Records for the task Block Start
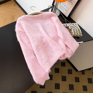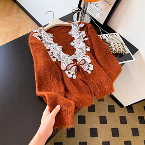 实拍法式浪漫蕾丝刺绣拼接马海毛奶茶杏色针织开衫秋
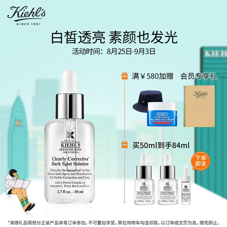 科颜氏(Kiehls)新集焕白均衡亮肤淡斑精华液50ml 玻色因淡化痘印提亮肤色美白透亮改善暗沉 化妆品护肤【包装损商品良好】
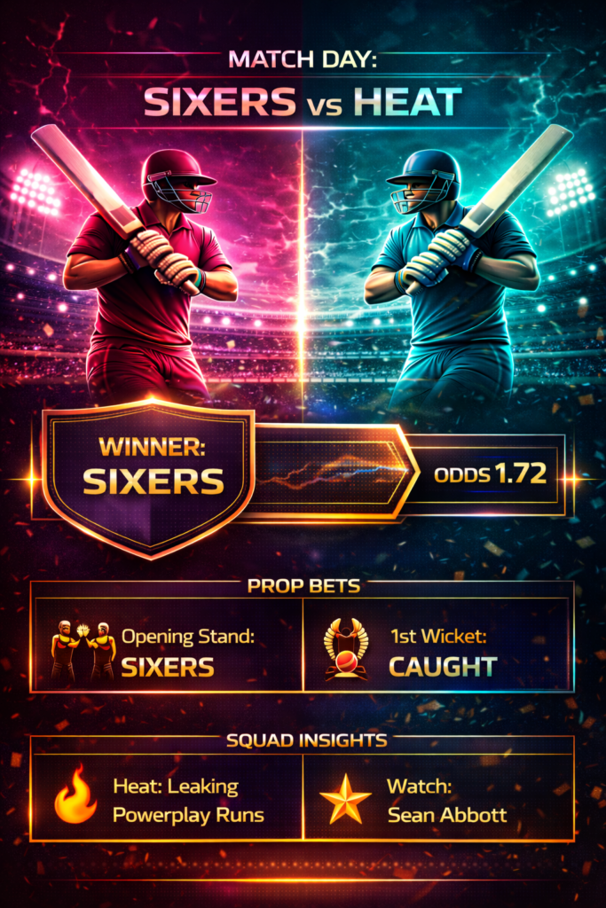 The Brisbane Heat are showing cracks in their armor, particularly with the ball in the powerplay. The Sydney Sixers, meanwhile, are looking increasingly composed and confident. With a firing top order and a disciplined bowling attack playing in familiar conditions, the Sixers are the clear favorites to take the points here.
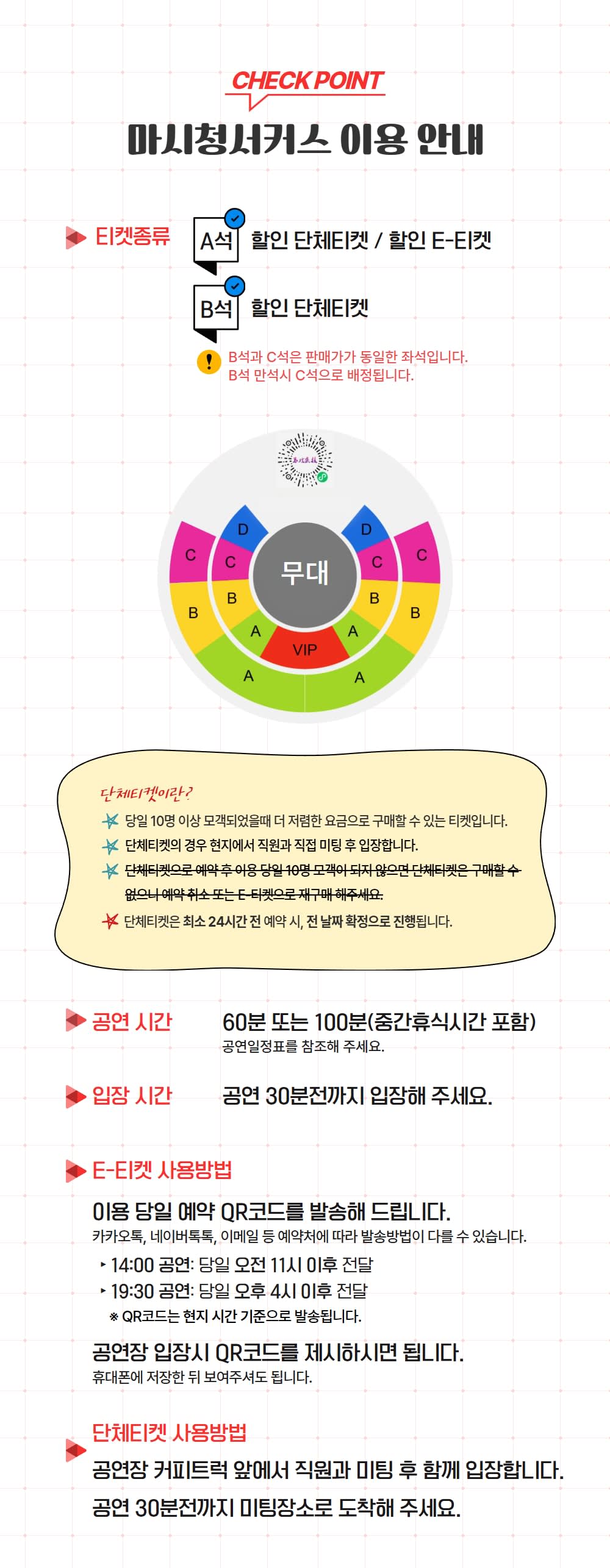 • 단체할인 티켓은 공연 30분 전 미팅장소에서 직원과 미팅 후 단체 입장 및 좌석 안내를 받습니다. • E-티켓은 개별 예약코드로 공연장에서 확인 후 입장 및 해당 좌석번호에 착석하여 관람하게 됩니다.
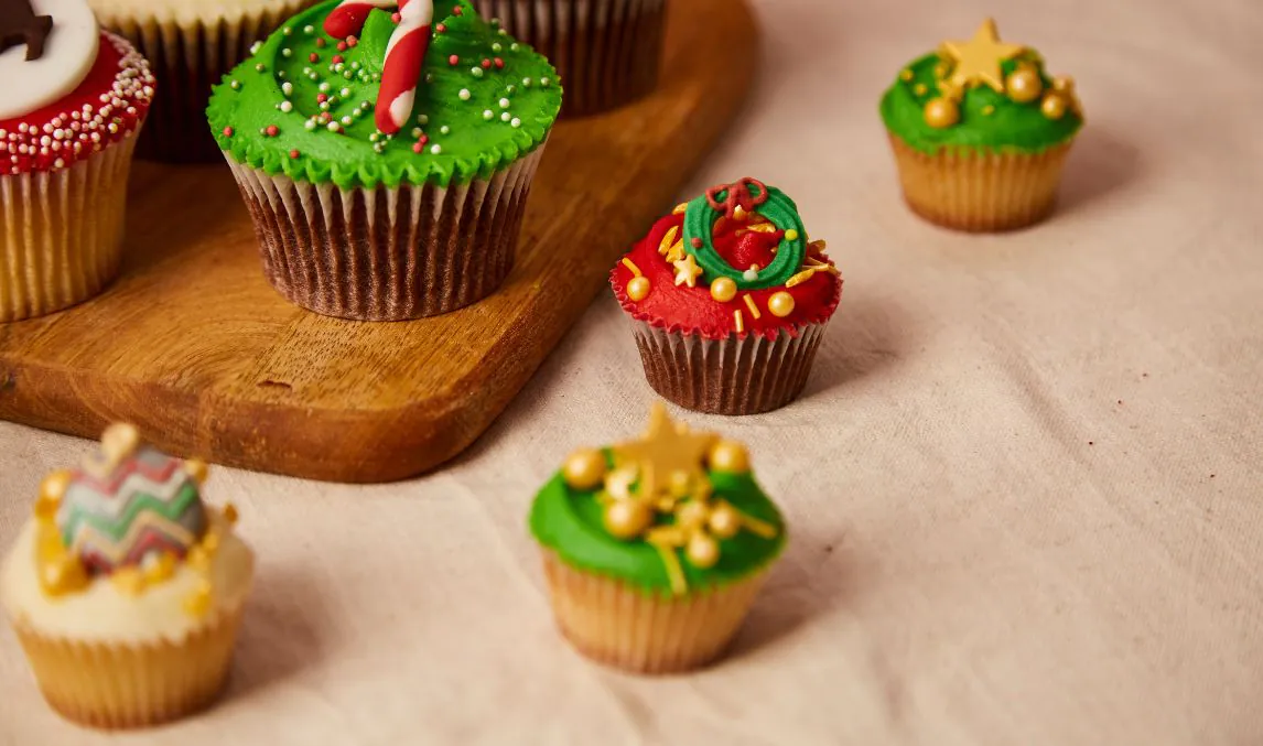 If you don’t want to spend much, a grater is the perfect way to add lemon or orange zest or grate chocolate shavings over cupcakes and cakes. Ready made Christmas sweets and candy canes are also no fuss to use.
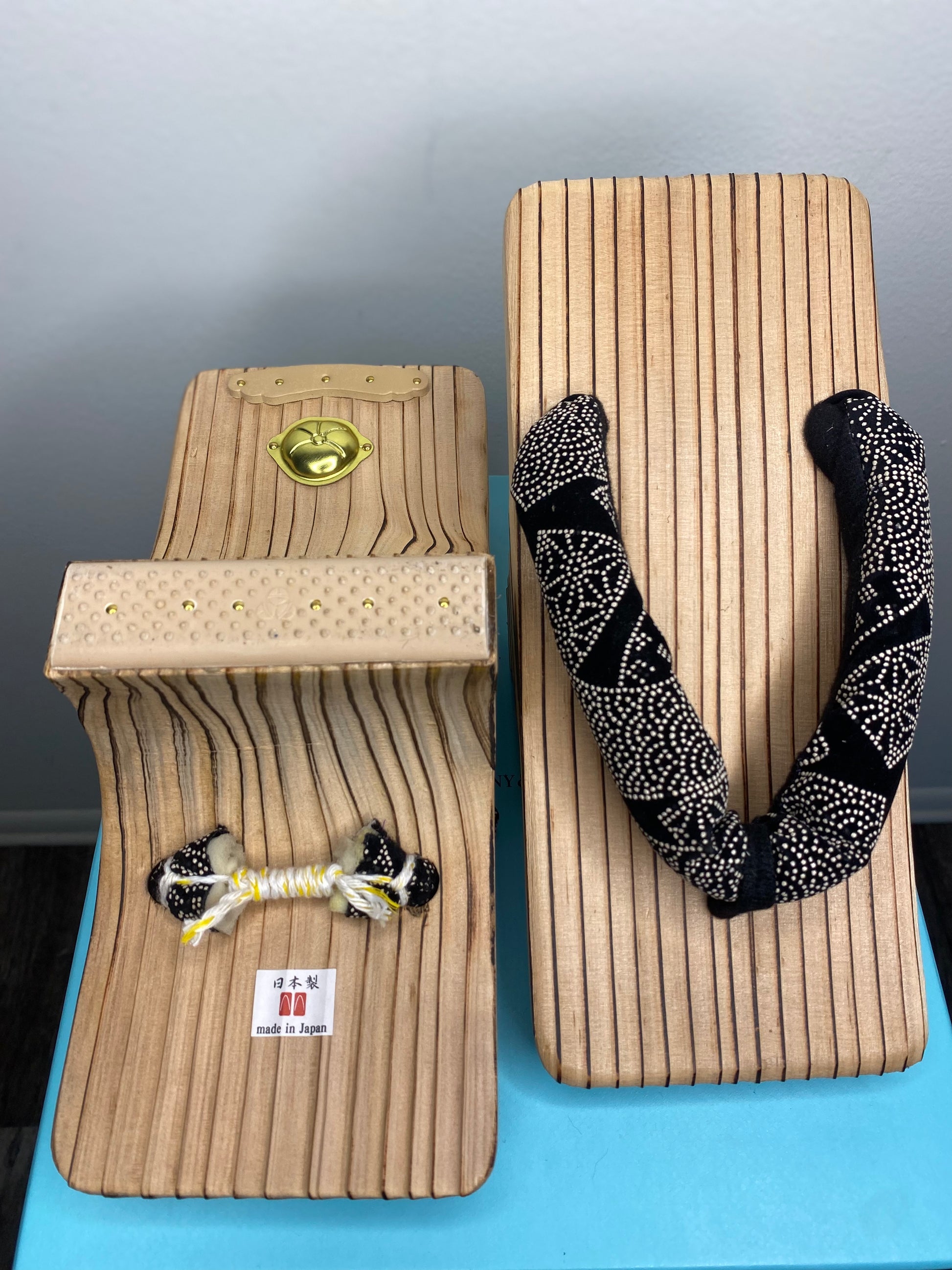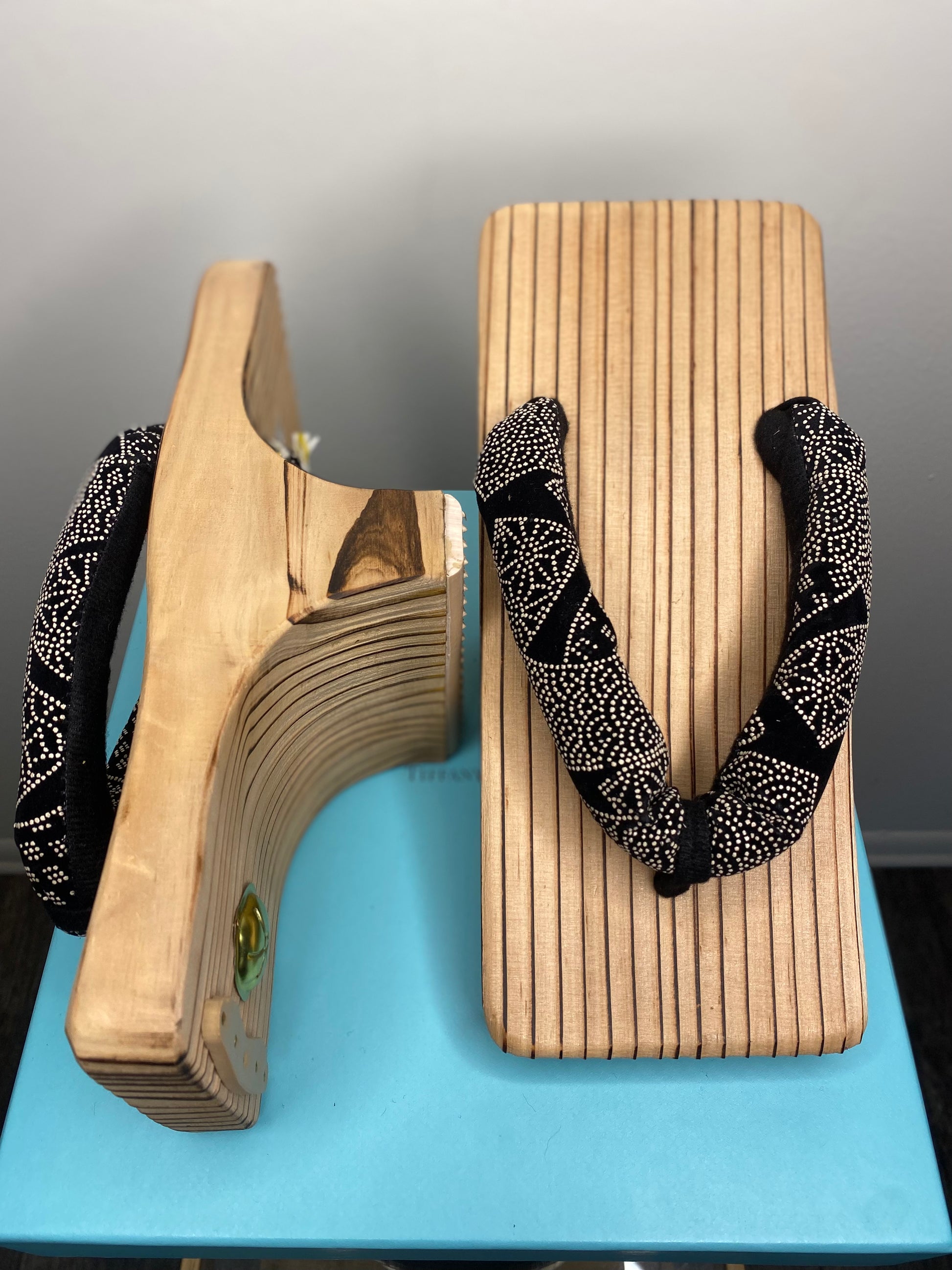 - [Iconic Japanese Sandals]: with their millenary history, One Tooth Geta sandals are very popular in Japanese Art and Folklore. These peculiar wooden sandals were traditionally worn by Monks, Traditional Dancers and legendary creatures such as Tengu (that's why they are also called Tengu Geta)
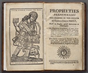 “Ces prophéties si curieuses, si rares, si recherchées et si utiles au public, principalement aux laboureurs, vignerons, jardiniers, et à ceux qui commercent en grains et vins, ont commencé en 1560, et dureront à jamais. Elles furent traduites de l’Italien en François avec grande exactitude, environ 300 ans après, et vérifiées par le fameux Nostradamus, prophète philosophe”.
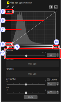 Geçerli olarak seçilen Picture Control’ün kontrast ve ton eğrilerini (parlaklık) ayarlayın. Ayarlamalar ton aralığının belirli bölgelerine yapılabilir, böylece resimler ayrıntılar gözden çıkarılmadan geliştirebilir. Bu parametreler [Otomatik] veya [Creative Picture Control] Picture Control’leri ile ya da bazı fotoğraf makineleriyle çekilen resimler için ayarlanamaz.
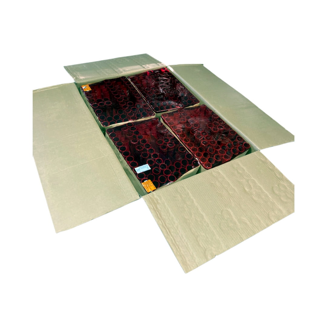 Potężny komplet połączonych wyrzutni serii Profi Show (kod produktu C2563XMF/C). Zestaw ten prezentuje efekty w długim czasie wynoszącym ponad 3,5 minuty! Produkt ten zawiera baterie połączone ze sobą, dzięki czemu użytkownik musi podpalić lont tylko jeden raz.
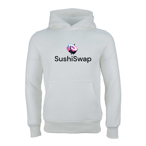 Sushiswap Logolu Beyaz Hoodie, %70 pamuk %30 polyesterden üretilmiştir.
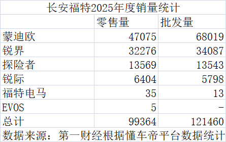 据懂车帝援引的乘联会数据统计,长安福特2025年1~12月在华批发销量12.15万辆,零售销量9.94万辆。这两个数据相比该品牌2024年24.7万辆的销量,均明显腰斩。
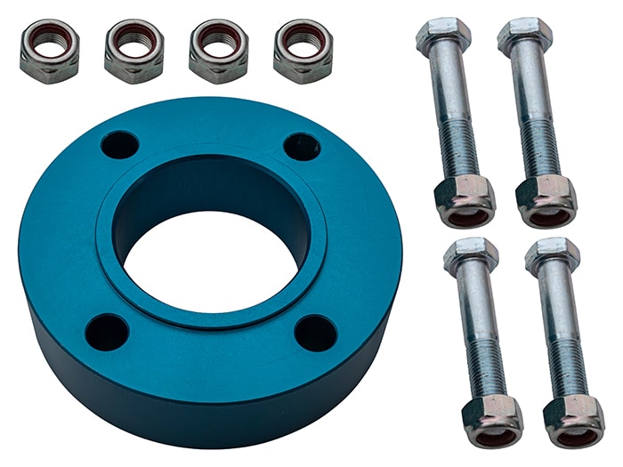 When suspension lift kit is fitted it increases the distance between the transfer box flange and the diff flange. This increased distance can cause the prop shaft to run out of spline travel. Fitting this 25mm prop spacer helps return the prop shaft to its normal operating length therefore allowing full spline travel which also helps reduce the characteristic "binding" of the yokes when a prop shaft is over extended.
Records for the task Block End
Aim of the exercise =
Please print the lines above word for word, starting at the one with "착석하여 관람하게 됩니다." and ending at the one with "据懂车帝援引的乘联会数据统计", both included, and without any picture.

Response =
 • 단체할인 티켓은 공연 30분 전 미팅장소에서 직원과 미팅 후 단체 입장 및 좌석 안내를 받습니다. • E-티켓은 개별 예약코드로 공연장에서 확인 후 입장 및 해당 좌석번호에 착석하여 관람하게 됩니다.
 If you don’t want to spend much, a grater is the perfect way to add lemon or orange zest or grate chocolate shavings over cupcakes and cakes. Ready made Christmas sweets and candy canes are also no fuss to use.
 - [Iconic Japanese Sandals]: with their millenary history, One Tooth Geta sandals are very popular in Japanese Art and Folklore. These peculiar wooden sandals were traditionally worn by Monks, Traditional Dancers and legendary creatures such as Tengu (that's why they are also called Tengu Geta)
 “Ces prophéties si curieuses, si rares, si recherchées et si utiles au public, principalement aux laboureurs, vignerons, jardiniers, et à ceux qui commercent en grains et vins, ont commencé en 1560, et dureront à jamais. Elles furent traduites de l’Italien en François avec grande exactitude, environ 300 ans après, et vérifiées par le fameux Nostradamus, prophète philosophe”.
 Geçerli olarak seçilen Picture Control’ün kontrast ve ton eğrilerini (parlaklık) ayarlayın. Ayarlamalar ton aralığının belirli bölgelerine yapılabilir, böylece resimler ayrıntılar gözden çıkarılmadan geliştirebilir. Bu parametreler [Otomatik] veya [Creative Picture Control] Picture Control’leri ile ya da bazı fotoğraf makineleriyle çekilen resimler için ayarlanamaz.
 Potężny komplet połączonych wyrzutni serii Profi Show (kod produktu C2563XMF/C). Zestaw ten prezentuje efekty w długim czasie wynoszącym ponad 3,5 minuty! Produkt ten zawiera baterie połączone ze sobą, dzięki czemu użytkownik musi podpalić lont tylko jeden raz.
 Sushiswap Logolu Beyaz Hoodie, %70 pamuk %30 polyesterden üretilmiştir.
 据懂车帝援引的乘联会数据统计,长安福特2025年1~12月在华批发销量12.15万辆,零售销量9.94万辆。这两个数据相比该品牌2024年24.7万辆的销量,均明显腰斩。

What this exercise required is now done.